By spring, with competitors looking for locations on the same street, Balaban told his older brother that they needed to build a bigger theatre.[45] In September 1908, the brothers announced that they would not renew their lease on the Kedzie, but would build a $25,000 theatre on a lot at Sawyer and 12th Street, one block away.[46] Though they concluded their relationship with the Kedzie in January 1909, the new theatre—to be called the Circle—would not open until Labor Day.[47] Debts piled up, but Balaban relayed that "I loved every minute of the terrific wrestling of planning shows and house-management policies. New ideas seemed to pop like fire-crackers in my mind."[48]

The Circle

With The Circle featuring 700 seats and a four-piece orchestra, Balaban instigated a two-show-nightly policy, with matinees on Saturday and Sunday.[40] With those responsibilities, Balaban left his steady employment and spent most of his days at the offices of the Western Vaudeville Agency.[49] Having studied talent wherever he sang,[40] he had learned to assess the entertainment value of performers. And he began to consider how to routine the Circle's shows, alternating between short films like "Aesop's Fables" and "Pathe Weeklies" and live acts, creating terms like "openers", "fillers" and "chasers".[40] Israel Balaban, his father, carried films to and from the theatre each day.[50]

A scant two months after its opening, the show business trade paper Variety called The Circle "a neat little house" that for an admission of 10 cents provided "four vaudeville acts and several reels of pictures. The house changes shows every Thursday and Monday, splitting with S. Chicago."[51] Still, a Variety review published in January 1910, (the Balabans are referred to as the Hardaman Brothers, with misspellings in subsequent reviews to include Bollaban, Bolabon, and Ballaban), chides the theatre for poor arrangement of its acts.[52] Balaban admitted that, later, he "saw and remedied the monotony and sameness that had defeated 'variety'—the other name for vaudeville." [52]

One remedy was the recognition of pure talent. Balaban worked with Minnie Palmer, mother to The Four Marx Bros., to book the Marxes' "Fun in High School", a popular act,[9] and he worked often at The Circle with singer Sophie Tucker.[8] Tucker wrote in her autobiography that "A. J. was the first to put on presentation shows in all the picture houses. It was he who brought out the first big bands. His houses with their huge orchestras, stage show, and pictures, all for less than a dollar admission. ... A.J. had a positive genius for knowing what the public would go for."[53]
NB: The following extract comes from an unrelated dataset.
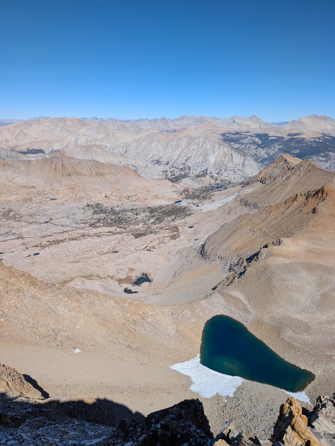 Mount Ritter and Banner Peak far to the north, with Mount Goddard at right.
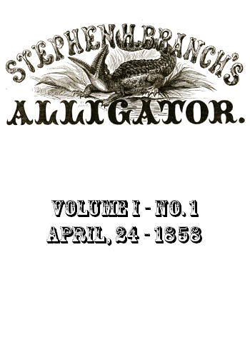 Stephen H. Branch's Alligator, Vol. 1 No. 1, April 24, 1858

The other remedy was a responsibility Balaban felt toward the audience, "for making these people happy and gay; to release them even for a moment from the depression of their drab homes and usually burdened lives. That was my big aim and it dominated my every thought."[8]

Balaban considered theatre management to be as creative and exciting as booking and creating the entertainment.[54] His innovations at The Circle included free admission for children under 10 (a younger brother drew a line on the wall approximating the height of a ten-year-old for questionable admissions)[55] and a baby carriage service[56] that watched over sleeping infants on the sidewalk outside of the theatre. When a baby awoke, a slide would be flashed on the screen—"Mother, Number 47, your baby is crying."[57] Other innovations attributed to A. J. Balaban include themed holiday presentations; shoppers' bargain matinees; reduced prices for week-day and non-peak hours, and midnight shows; giant illuminated theatre signs; and on-site nursery playrooms and hospital facilities.[58]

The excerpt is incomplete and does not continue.